▸ REQUIRED WORK: Images are not part of the copy; write out the rest of the data exactly as given.

++++ RECORDS PROVIDED

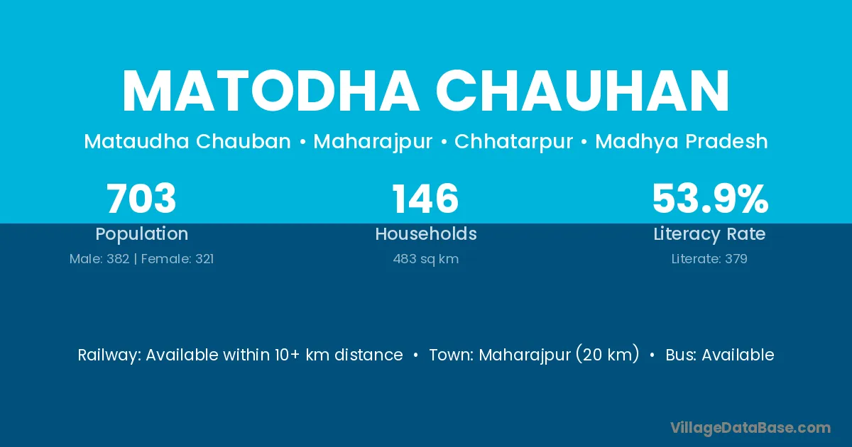 Maharajpur (20 km) is the nearest town to Matodha Chauhan village for major economic activities and is located approximately 20 km away.
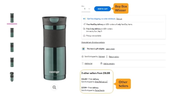 On marketplaces like Walmart when multiple sellers or more than one seller sells the same product they share the same listing and compete for the win to ‘Add to Cart’ button. This is the most important button as this is where most shoppers make their purchasing decision. The seller who wins the ‘Add to Cart’ is the winner of the buy box. However only one Walmart seller can win the buy box, the buy box winner is the default seller whose product goes into the ‘Add to Cart’.
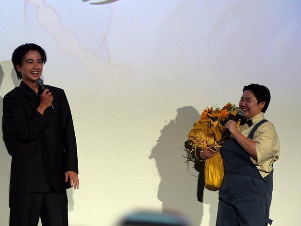 その後、ステージ上ではダブルの“サプライズ”を実施。山田監督にはメインキャスト3人から、彼女が好きだという淡い色の花をまとめた花束、初対面時から溜めてきた写真のボード、そして涼川さんからの手紙が贈られます。涼川さんが涙ながらに「何者でもなかった私を見つけてくれてありがとうございました」と感謝のメッセージを読み上げると、山田監督は恐縮しながら「滅茶苦茶うれしい。みなさん集まってくれたのに……私ばかり幸せで恐縮です」とはにかみます。さらに9月2日に誕生日を迎えるやす子さんにも花束がプレゼントされると、彼女は「キアヌ・リーブスと同じ誕生日です」と明かしながら「恐れ多いです。『きみの色』がもっともっといろんなところで、いろんな人に愛される作品になれますように!」とアピールしました。
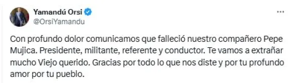 El ex presidente de Uruguay, José “Pepe” Mujica, falleció a los 89 años tras una lucha contra el cáncer de esófago. La noticia fue anunciada por el actual presidente de Uruguay, Yamandú Orsi, quien expresó su dolor y destacó el legado de Mujica, figura histórica de la izquierda uruguaya.
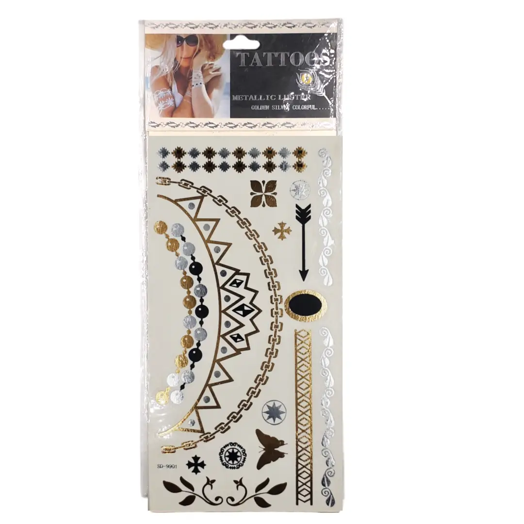 مجموعة من الوشوم المؤقتة ذات التصميمات الأنيقة باللونين الذهبي والفضي، تمنح بشرتك لمسة من التألق والتميز. مثالية للحفلات، المناسبات الخاصة، والإطلالات العصرية الجريئة.
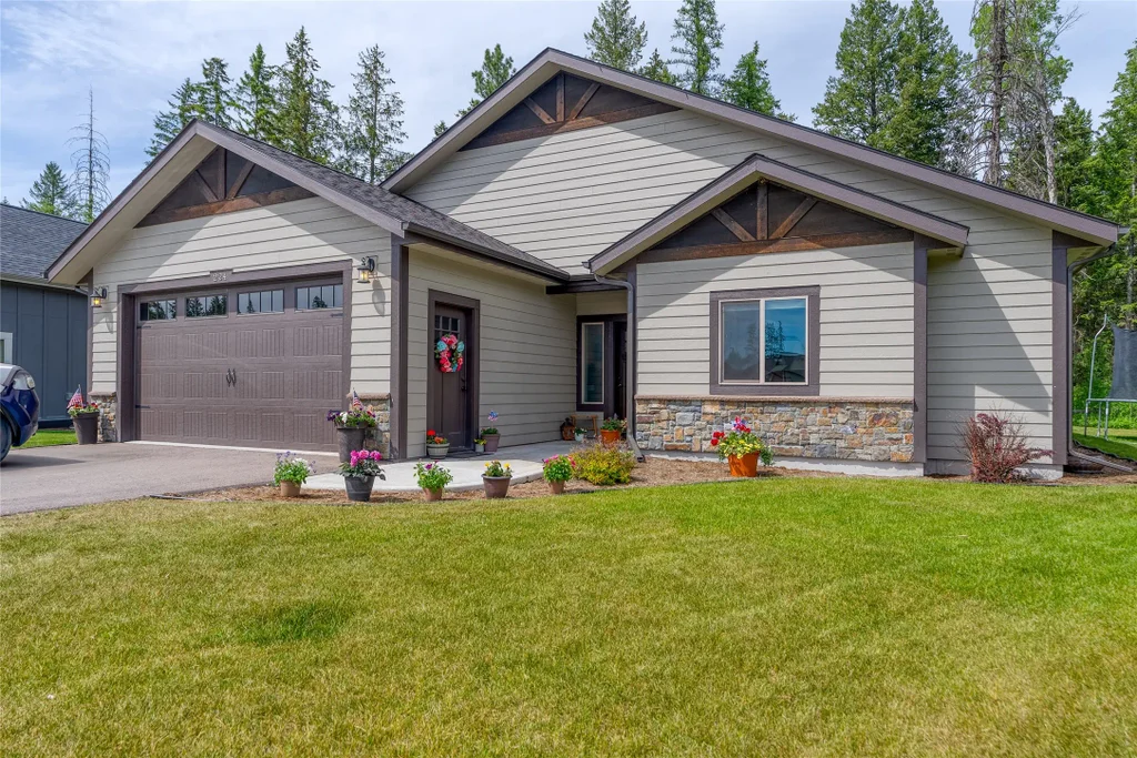 This beautiful open concept home sits at the end of a private cul-de-sac in the sought after Glacier Ranch Subdivision on a .24 acre landscaped lot. Built in 2020, this 3 bed 2 bath home is a high-end build with marble and granite countertops, circle sawn-cut fir floors, and beautiful knotty alder cabinets. The large primary suite has a jetted tub and a walk-in tile shower as well as a walk-in closet. The two remaining bedrooms are located on the other side of the home offering privacy for guests. Relax by the gas rock fireplace in the mornings or sit outside under the covered patio. Centrally located with easy access to main artery roads and Glacier International Airport.
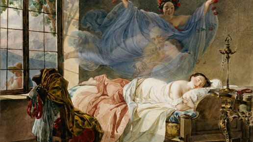 Добрый день, дорогие друзья! Перед Вами картина Карла Брюллова - "Сон молодой девушки перед рассветом" На картине мы видим прекрасную спящую девушку, которая видит сон... Над девушкой мы видим 4 фигуры... С фигурой в красном венке все понятно - это скорее всего богиня ночи, на ее голове - венок из маков ( а мы знаем, что мак - символ сна) Тогда кто же три оставшиеся фигуры в девушкином сне?! Давайте разбираться... Во сне девушка видит себя ( брюнетка), ее обнимает молодой человек с золотыми кудрями ( скорее всего, это ее жених)...
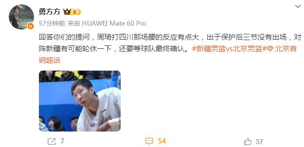 對此,媒體人勇方方如今表示:“回答你們的提問,周琦打四川那場腰的反應(yīng)有點大,出于保護后三節(jié)沒有出場,對陣新疆有可能輪休一下,還要等球隊最終確認(rèn)。”
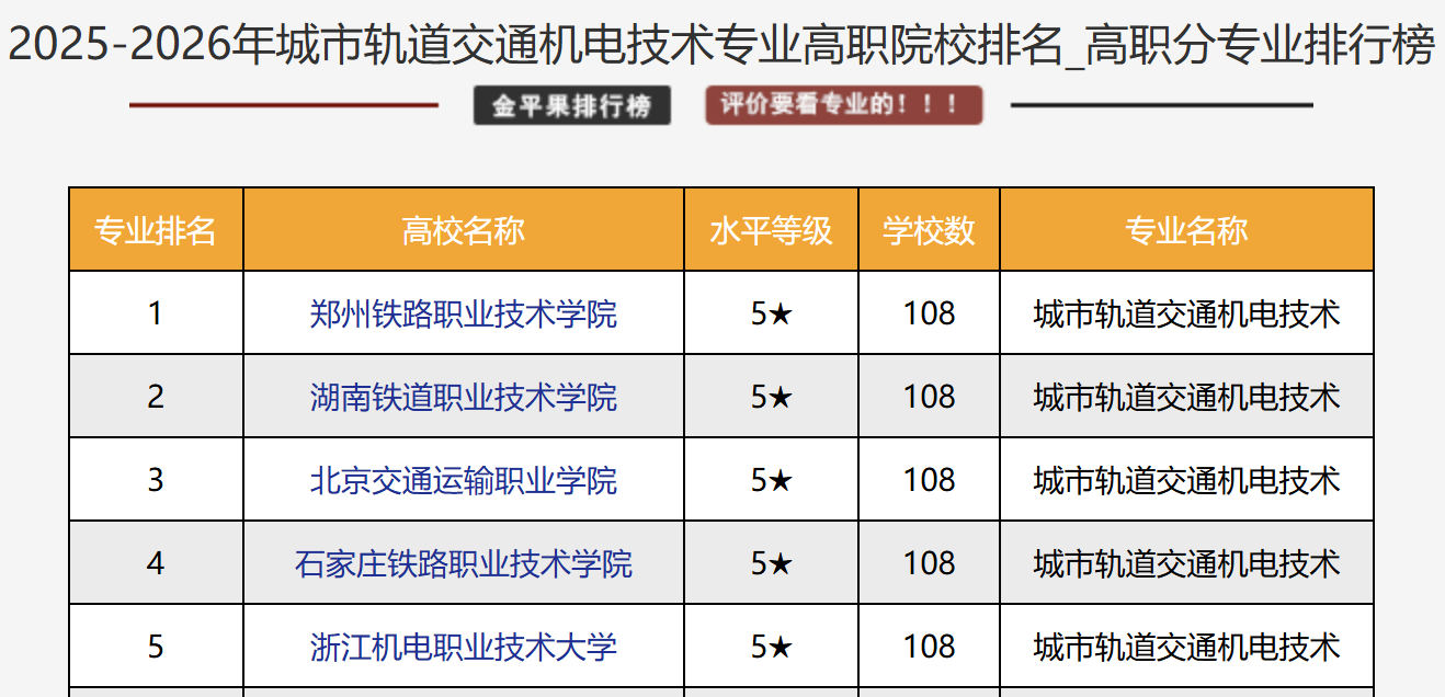 全国第一!我院城市轨道交通机电技术专业再次问鼎 “金平果”高职专业排行榜
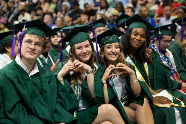 These graduates show their love for Charlotte at Friday afternoon’s ceremony.
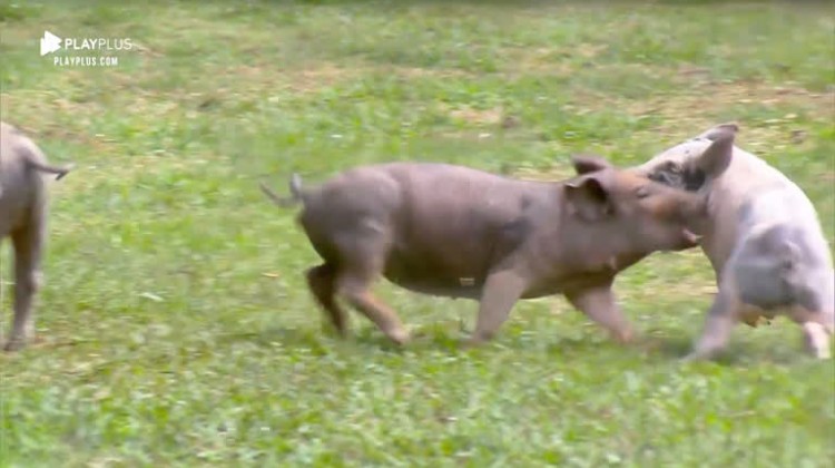 Guilherme Leão limpa chiqueiro, enquanto porquinhos brincam
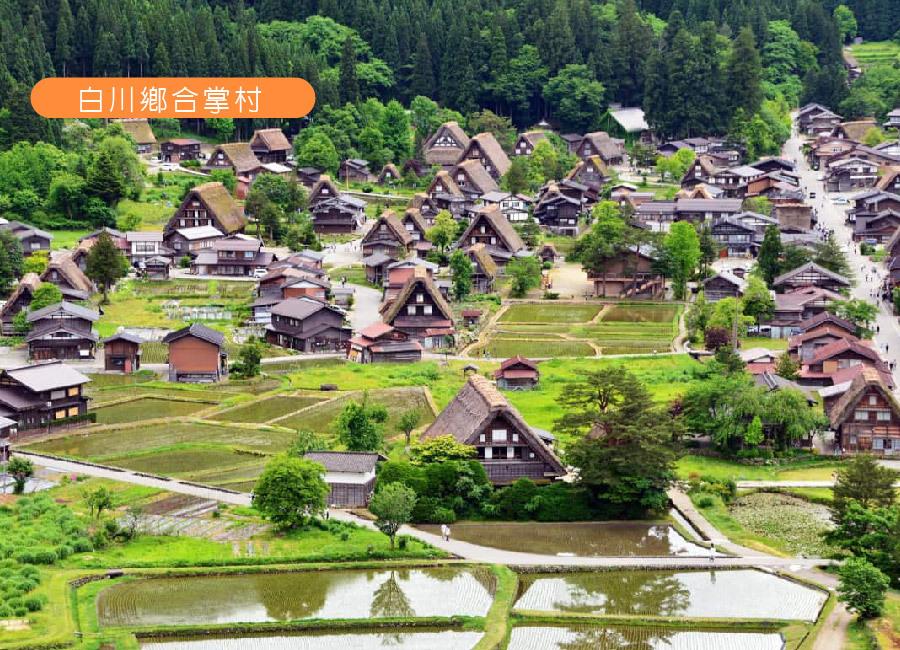 【白川鄉合掌村】約有200~300年前所留的合掌式造作建築,地處豪雪地帶、再加上山區地形阻絕、形成地域獨特的文化風俗,至今仍完整保留為日常生活之用,其中以合掌形的茅草家屋最為著名,為防積雪而建構得急斜面的茅草屋頂,有如兩手合掌的形狀,目前尚有113棟,屋旁田地園圃交錯銜接,構成一幅濃厚懷古幽情、山間農村的田園景觀,於1995年12月聯合國文教組織登錄為世界遺產以來,世界各國的觀光客蜂擁而至,而此地可了解文化歷史背景來源。
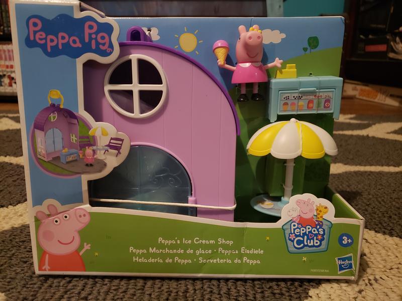 My daughter loves Peppa. This cute little ice cream shop is another perfect adidtion to her collection. Peppa can work handing out ice cream then sit and relax under the umbrella table. Then when it is time to close up shop we can literally close it up and go. Super cute.
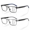 Amorays 2 Pack Gleitsichtbrille Progressive Multifokus Lesebrille Herren Metall Anti-Blaulicht Lesebrillen mit Federscharniere 8003(Schwarz&GrauïŒ+2.00
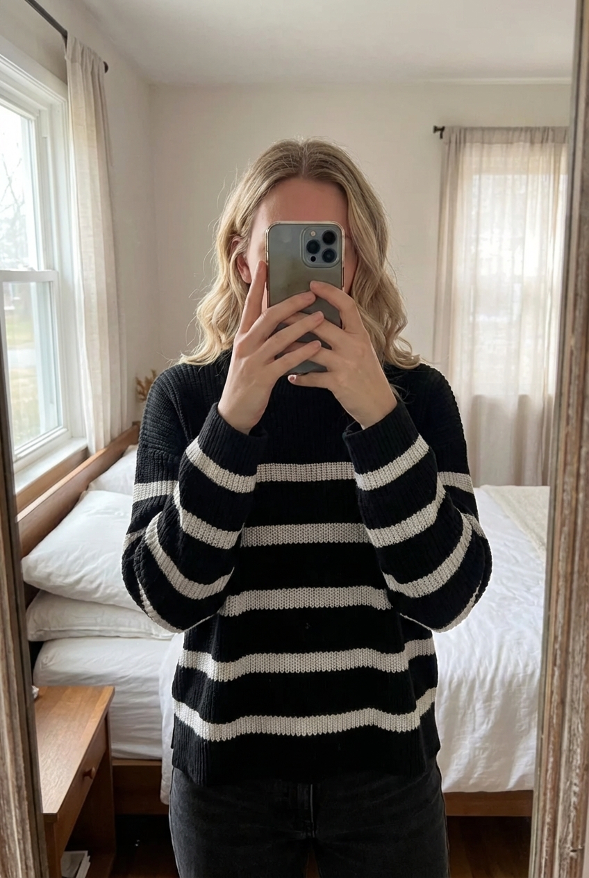 Una persona in Pull hiver à rayures femme L H&M - Maglione inverno donna L in piedi, rivolto verso la fotocamera, in una camera da letto con luce soffusa e luce naturale che filtra dalla finestra.
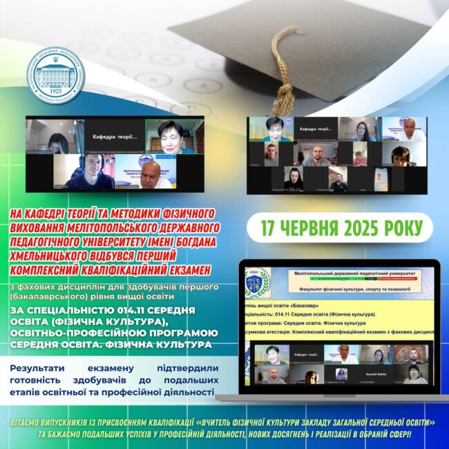 ⚽️📚 17 червня на кафедрі теорії та методики фізичного виховання Мелітопольського державного педагогічного університету імені Богдана Хмельницького відбувся перший комплексний кваліфікаційний екзамен з фахових дисциплін для здобувачів першого (бакалаврського) рівня вищої освіти за спеціальністю 014.11 Середня освіта (Фізична культура), освітньо-професійною програмою Середня освіта. Фізична культура. 👩🏻🎓🇺🇦 До складу екзаменаційної комісії увійшли провідні фахівці у сфері…
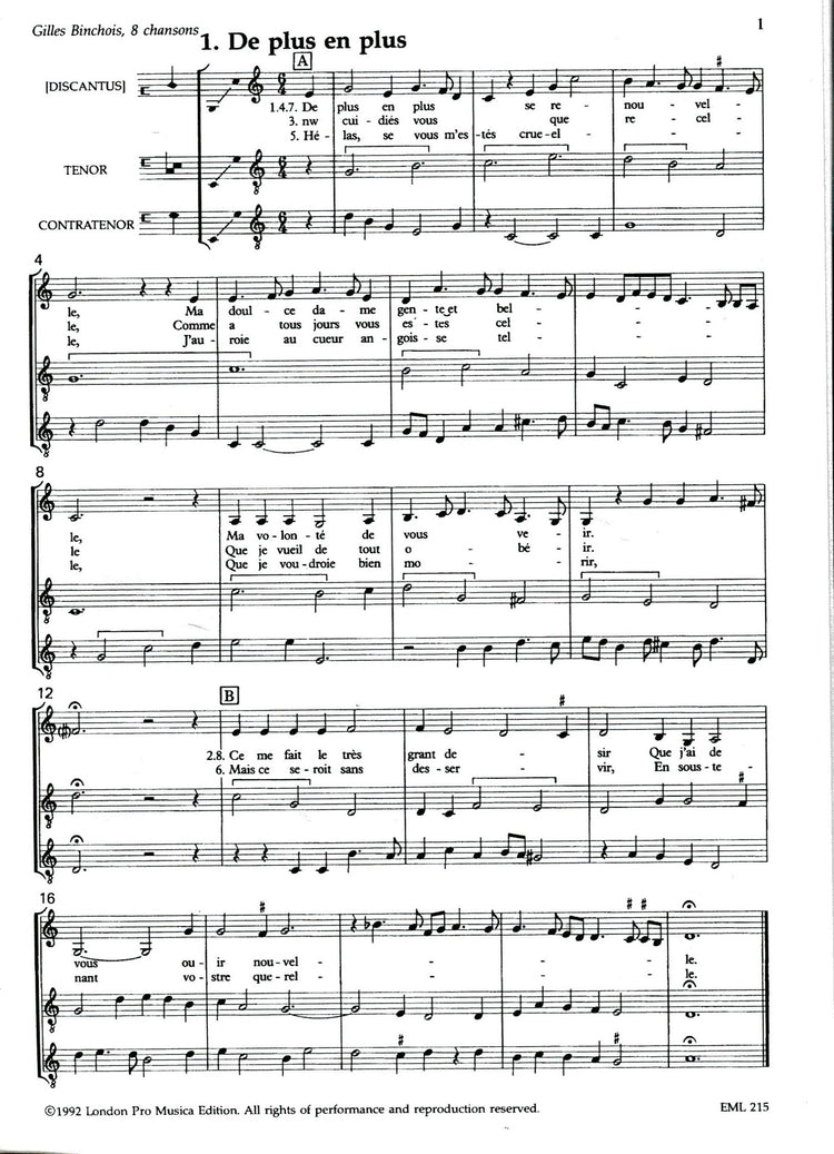 *Medieval Songs.* Binchois is considered to have had a genuine gift for melody and an acute sense of how to shape a phrase, as can be seen in his lovely Triste Plaisir. While most of his pieces are rondeaux, including seven of the eight pieces here, Filles a marier unusually combines two popular songs, treating one as an imitation. For three voices or instruments.
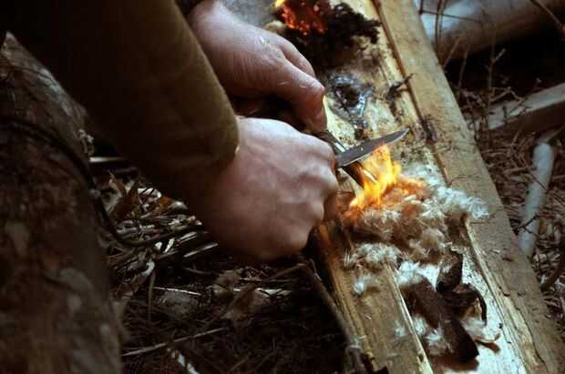 Voltee su barra de pedernal para que el lado de inserción chispas es hacia arriba. Golpear el pedernal con su cuchillo en un movimiento hacia abajo en la pila. Vas a ver chispas, pero lo más importante vas a desearlas chispas para golpear el magnesio. Cuando las chispas el magnesio encenderá! Para mantener este en marcha y haz un verdadero incendio iniciado, suavemente... y me refiero a golpe muy suave en el nido con la llama de oxígeno!
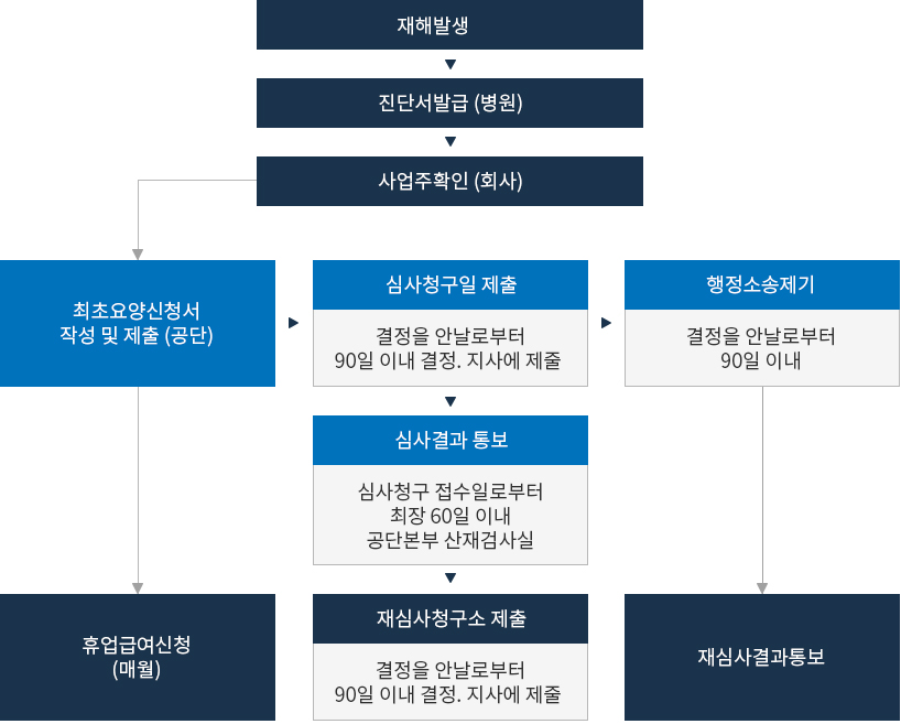 근로자와 사업주의 과실유무와 상관없이 업무상의 사유로 재해가 발생하면 근로자와 그 가족의 보호를 위하여 근로복지공단이 보상하여 주는 공적보험성격을 가진 보상제도입니다.

++++++++

▸ TASK RESPONSE:
 Maharajpur (20 km) is the nearest town to Matodha Chauhan village for major economic activities and is located approximately 20 km away.
 On marketplaces like Walmart when multiple sellers or more than one seller sells the same product they share the same listing and compete for the win to ‘Add to Cart’ button. This is the most important button as this is where most shoppers make their purchasing decision. The seller who wins the ‘Add to Cart’ is the winner of the buy box. However only one Walmart seller can win the buy box, the buy box winner is the default seller whose product goes into the ‘Add to Cart’.
 その後、ステージ上ではダブルの“サプライズ”を実施。山田監督にはメインキャスト3人から、彼女が好きだという淡い色の花をまとめた花束、初対面時から溜めてきた写真のボード、そして涼川さんからの手紙が贈られます。涼川さんが涙ながらに「何者でもなかった私を見つけてくれてありがとうございました」と感謝のメッセージを読み上げると、山田監督は恐縮しながら「滅茶苦茶うれしい。みなさん集まってくれたのに……私ばかり幸せで恐縮です」とはにかみます。さらに9月2日に誕生日を迎えるやす子さんにも花束がプレゼントされると、彼女は「キアヌ・リーブスと同じ誕生日です」と明かしながら「恐れ多いです。『きみの色』がもっともっといろんなところで、いろんな人に愛される作品になれますように!」とアピールしました。
 El ex presidente de Uruguay, José “Pepe” Mujica, falleció a los 89 años tras una lucha contra el cáncer de esófago. La noticia fue anunciada por el actual presidente de Uruguay, Yamandú Orsi, quien expresó su dolor y destacó el legado de Mujica, figura histórica de la izquierda uruguaya.
 مجموعة من الوشوم المؤقتة ذات التصميمات الأنيقة باللونين الذهبي والفضي، تمنح بشرتك لمسة من التألق والتميز. مثالية للحفلات، المناسبات الخاصة، والإطلالات العصرية الجريئة.
 This beautiful open concept home sits at the end of a private cul-de-sac in the sought after Glacier Ranch Subdivision on a .24 acre landscaped lot. Built in 2020, this 3 bed 2 bath home is a high-end build with marble and granite countertops, circle sawn-cut fir floors, and beautiful knotty alder cabinets. The large primary suite has a jetted tub and a walk-in tile shower as well as a walk-in closet. The two remaining bedrooms are located on the other side of the home offering privacy for guests. Relax by the gas rock fireplace in the mornings or sit outside under the covered patio. Centrally located with easy access to main artery roads and Glacier International Airport.
 Добрый день, дорогие друзья! Перед Вами картина Карла Брюллова - "Сон молодой девушки перед рассветом" На картине мы видим прекрасную спящую девушку, которая видит сон... Над девушкой мы видим 4 фигуры... С фигурой в красном венке все понятно - это скорее всего богиня ночи, на ее голове - венок из маков ( а мы знаем, что мак - символ сна) Тогда кто же три оставшиеся фигуры в девушкином сне?! Давайте разбираться... Во сне девушка видит себя ( брюнетка), ее обнимает молодой человек с золотыми кудрями ( скорее всего, это ее жених)...
 對此,媒體人勇方方如今表示:“回答你們的提問,周琦打四川那場腰的反應(yīng)有點大,出于保護后三節(jié)沒有出場,對陣新疆有可能輪休一下,還要等球隊最終確認(rèn)。”
 全国第一!我院城市轨道交通机电技术专业再次问鼎 “金平果”高职专业排行榜
 These graduates show their love for Charlotte at Friday afternoon’s ceremony.
 Guilherme Leão limpa chiqueiro, enquanto porquinhos brincam
 【白川鄉合掌村】約有200~300年前所留的合掌式造作建築,地處豪雪地帶、再加上山區地形阻絕、形成地域獨特的文化風俗,至今仍完整保留為日常生活之用,其中以合掌形的茅草家屋最為著名,為防積雪而建構得急斜面的茅草屋頂,有如兩手合掌的形狀,目前尚有113棟,屋旁田地園圃交錯銜接,構成一幅濃厚懷古幽情、山間農村的田園景觀,於1995年12月聯合國文教組織登錄為世界遺產以來,世界各國的觀光客蜂擁而至,而此地可了解文化歷史背景來源。
 My daughter loves Peppa. This cute little ice cream shop is another perfect adidtion to her collection. Peppa can work handing out ice cream then sit and relax under the umbrella table. Then when it is time to close up shop we can literally close it up and go. Super cute.
 Amorays 2 Pack Gleitsichtbrille Progressive Multifokus Lesebrille Herren Metall Anti-Blaulicht Lesebrillen mit Federscharniere 8003(Schwarz&GrauïŒ+2.00
 Una persona in Pull hiver à rayures femme L H&M - Maglione inverno donna L in piedi, rivolto verso la fotocamera, in una camera da letto con luce soffusa e luce naturale che filtra dalla finestra.
 ⚽️📚 17 червня на кафедрі теорії та методики фізичного виховання Мелітопольського державного педагогічного університету імені Богдана Хмельницького відбувся перший комплексний кваліфікаційний екзамен з фахових дисциплін для здобувачів першого (бакалаврського) рівня вищої освіти за спеціальністю 014.11 Середня освіта (Фізична культура), освітньо-професійною програмою Середня освіта. Фізична культура. 👩🏻🎓🇺🇦 До складу екзаменаційної комісії увійшли провідні фахівці у сфері…
 *Medieval Songs.* Binchois is considered to have had a genuine gift for melody and an acute sense of how to shape a phrase, as can be seen in his lovely Triste Plaisir. While most of his pieces are rondeaux, including seven of the eight pieces here, Filles a marier unusually combines two popular songs, treating one as an imitation. For three voices or instruments.
 Voltee su barra de pedernal para que el lado de inserción chispas es hacia arriba. Golpear el pedernal con su cuchillo en un movimiento hacia abajo en la pila. Vas a ver chispas, pero lo más importante vas a desearlas chispas para golpear el magnesio. Cuando las chispas el magnesio encenderá! Para mantener este en marcha y haz un verdadero incendio iniciado, suavemente... y me refiero a golpe muy suave en el nido con la llama de oxígeno!
 근로자와 사업주의 과실유무와 상관없이 업무상의 사유로 재해가 발생하면 근로자와 그 가족의 보호를 위하여 근로복지공단이 보상하여 주는 공적보험성격을 가진 보상제도입니다.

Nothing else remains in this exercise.